> **Assignment**
The answer should match the entries below word for word, minus their pictures.

> **Data for analysis**

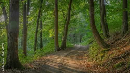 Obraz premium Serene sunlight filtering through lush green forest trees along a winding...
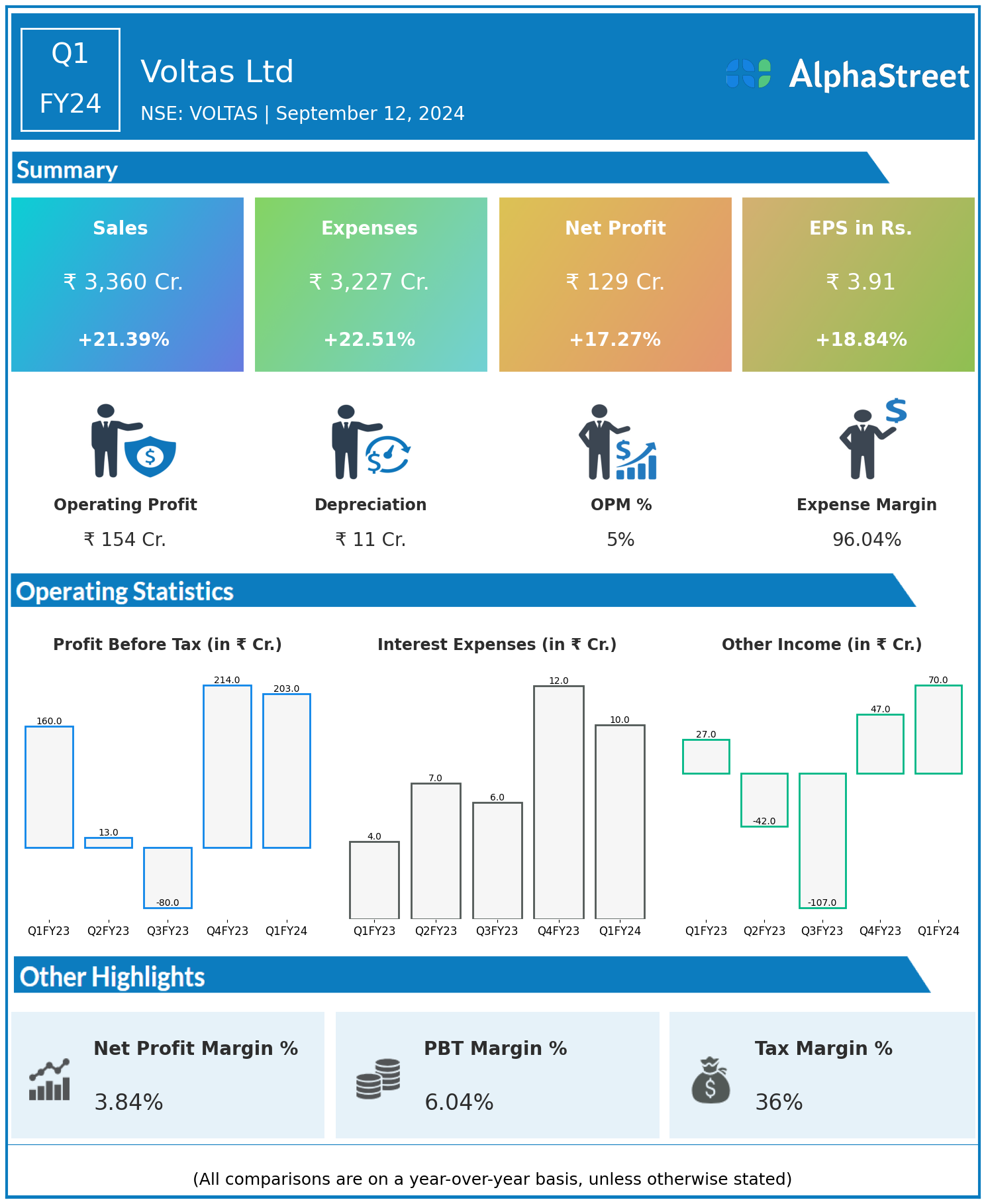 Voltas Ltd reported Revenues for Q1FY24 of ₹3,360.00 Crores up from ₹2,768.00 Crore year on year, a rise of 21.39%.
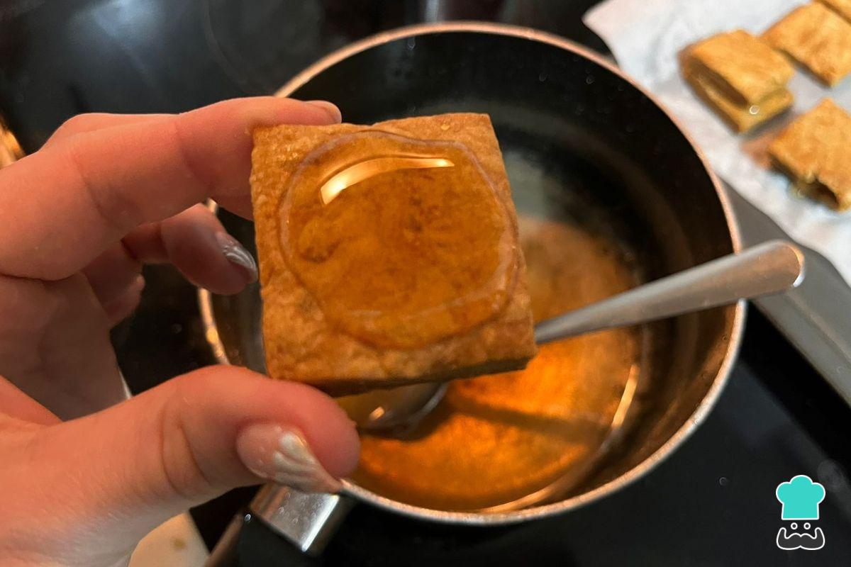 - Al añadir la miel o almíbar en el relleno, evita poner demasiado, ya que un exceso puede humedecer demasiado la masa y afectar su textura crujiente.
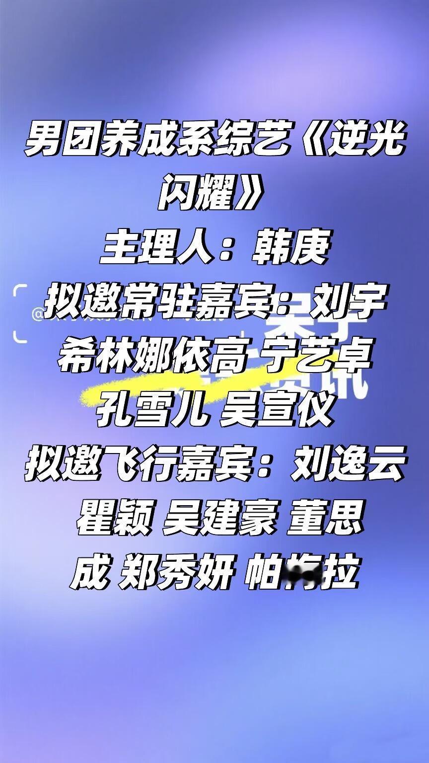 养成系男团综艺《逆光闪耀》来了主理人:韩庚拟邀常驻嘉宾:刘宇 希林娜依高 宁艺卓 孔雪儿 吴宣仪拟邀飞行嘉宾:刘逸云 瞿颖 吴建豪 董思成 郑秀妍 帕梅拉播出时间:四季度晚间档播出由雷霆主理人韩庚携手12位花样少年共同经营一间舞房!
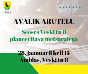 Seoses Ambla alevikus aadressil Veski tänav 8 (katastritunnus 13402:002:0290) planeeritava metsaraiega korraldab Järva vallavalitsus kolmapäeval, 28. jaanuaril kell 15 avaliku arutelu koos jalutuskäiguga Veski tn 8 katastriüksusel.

> **Answer to the problem**
 Obraz premium Serene sunlight filtering through lush green forest trees along a winding...
 Voltas Ltd reported Revenues for Q1FY24 of ₹3,360.00 Crores up from ₹2,768.00 Crore year on year, a rise of 21.39%.
 - Al añadir la miel o almíbar en el relleno, evita poner demasiado, ya que un exceso puede humedecer demasiado la masa y afectar su textura crujiente.
 养成系男团综艺《逆光闪耀》来了主理人:韩庚拟邀常驻嘉宾:刘宇 希林娜依高 宁艺卓 孔雪儿 吴宣仪拟邀飞行嘉宾:刘逸云 瞿颖 吴建豪 董思成 郑秀妍 帕梅拉播出时间:四季度晚间档播出由雷霆主理人韩庚携手12位花样少年共同经营一间舞房!
 Seoses Ambla alevikus aadressil Veski tänav 8 (katastritunnus 13402:002:0290) planeeritava metsaraiega korraldab Järva vallavalitsus kolmapäeval, 28. jaanuaril kell 15 avaliku arutelu koos jalutuskäiguga Veski tn 8 katastriüksusel.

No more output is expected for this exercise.